Kumarasamy does a wonderful life in her vividly cinematic presentation of the man’s visit to the office of missing persons.  The officer in charge at first tries to suggest the boy may have just run off on a lark:


“Jeganathan paused. “He did not return home after his studies.”
“These young Tamil boys always getting into trouble. They don’t know how to be proper citizens,” the officer said and scratched something on the paper in blue ink. Jeganathan remembered his younger boy, Prem, shaking on the floor as they questioned him, his eyes flushed with tears as he cut through the bond of the womb and revealed the trip Jeevan had planned that night with Amutha to the local Shiva shrine, and before then all their meetings under the neem trees by the abandoned pharmacy, the way his brother unraveled her braid, tied her hair around his hand like a bandage.

His wife has often urged him to leave Sri Lanka, taking a teaching job outside the country.  Things begin to turn badly for Jeganthan.  People assume his son was “disappeared” for unacceptable to the anti-Tamil forces political actions or speech.  People begin to shun him and his wife.  Their household helper quits.  He eventually loses his university position.  I will leave the rest of the story untold.

I do what to share enough of her beautiful prose to let you see why this story is so marvelous.

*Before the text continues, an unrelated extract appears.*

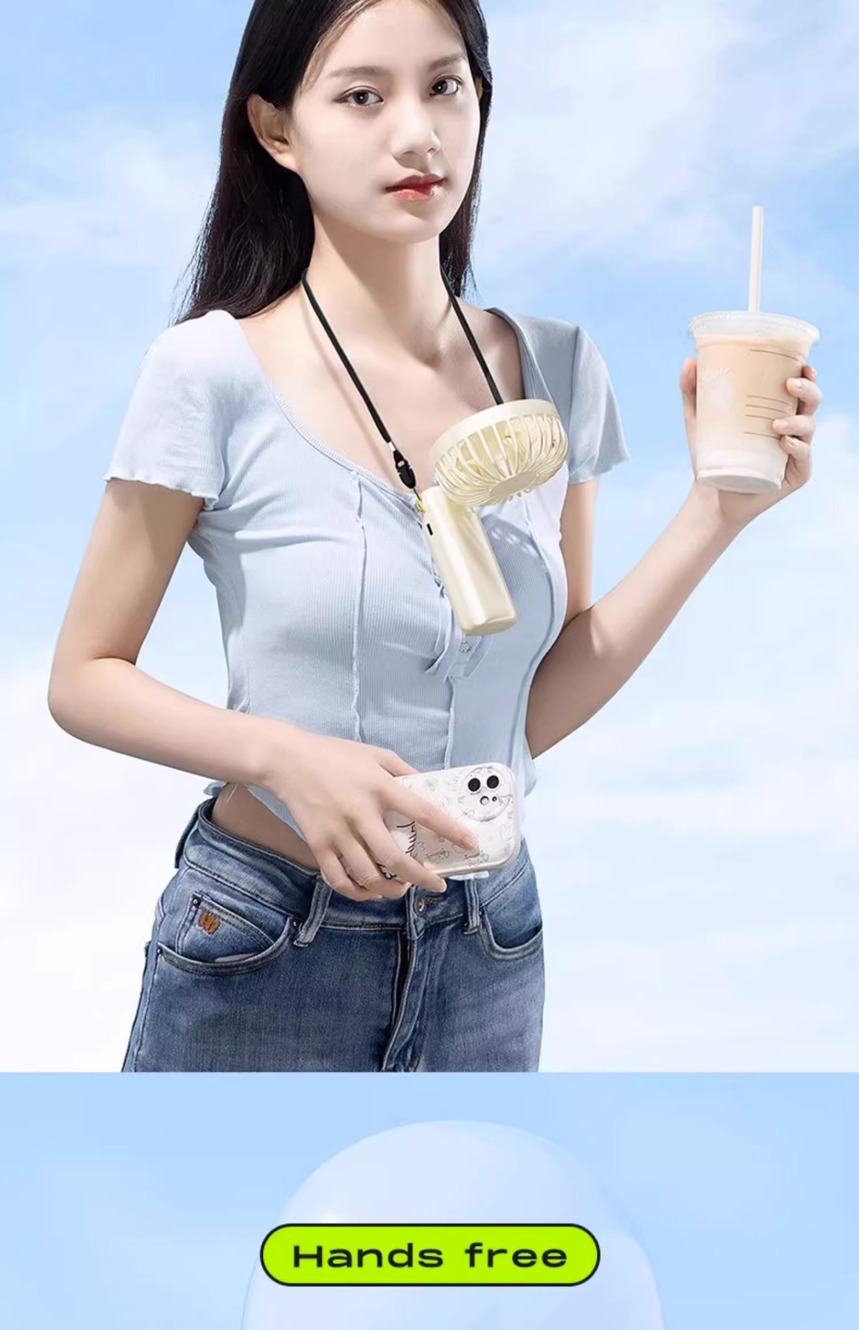 • [귀로 접힌 상태] 하늘색❄️시원한 전신 [20,000M-5단계 조절 가능]
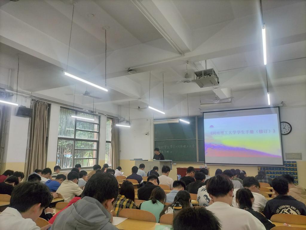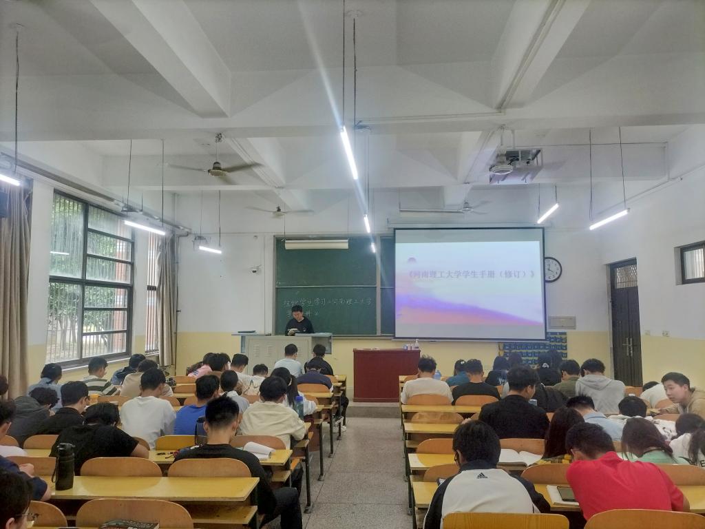 活动伊始,由测绘工程(卓越计划班)2202班的团支书李嘉豪作为主持人讲述了本次活动的内容和目的,并强调了遵规守纪的重要性。接着,李嘉豪带领大家一起学习《学生手册》内容,细致入微地阐述了综合评定、违纪处分、学生管理、学籍管理、资助奖励等方面的内容,使同学们充分了解到学校的各项规章制度和要求,受益良多。在讲解过程中,同学们认真听讲,并将重要内容做了记录。

“Jeganathan worked as an entomologist. He was not prone to chatting except in the lecture halls in front of his students, talking of what he loved best. He was fastidious with what he could control, his ironed suits and finely trimmed mustache, the way he recorded his work in his notebook, the column for wingspan blank until he measured the specimen three times.
He had never been militant. He joked about dueling other entomologists like William de Alwis, the Sri Lankan butterfly man, because they seemed harmless. In keeping company with insects, he had avoided addressing the war altogether, though his wife disagreed on that matter. In her eyes, he was a man so dedicated to his work that he was willing to get both his legs blown off for some dung-eating insects.
“Weren’t you almost killed by a mob in Colombo? And look, we’re still here in this country,” his wife said after hearing of his job transfer from the capital to up north. “I thought by marrying a professor we’d end up in Toronto, Sydney, London, anywhere better, and now you want to take me to Jaffna. Do you want to get us deeper into this war?”
Jeganathan had decided to transfer to Jaffna not because of politics but because of a discovery. While praying in the Murugan temple in Nallur, he saw a blue beetle skitter across the floor. The strange wings and streaks along its abdomen forced him to his knees, and he crawled after the specimen. He carried the beetle in a jar all the way back to his office in the capital. After his examinations, he suspected he had discovered a new species. He named the insect—Nicrophorus m. kumaratunga—after the president at the time, and when questioned by officials what the m stood for, he said, Madame, not the Hindu deity Lord Muruga. While officials hassled other Tamil intellectuals at the university, they did not bother with him, the professor whose blue-winged insect talisman granted him a level of immunity.”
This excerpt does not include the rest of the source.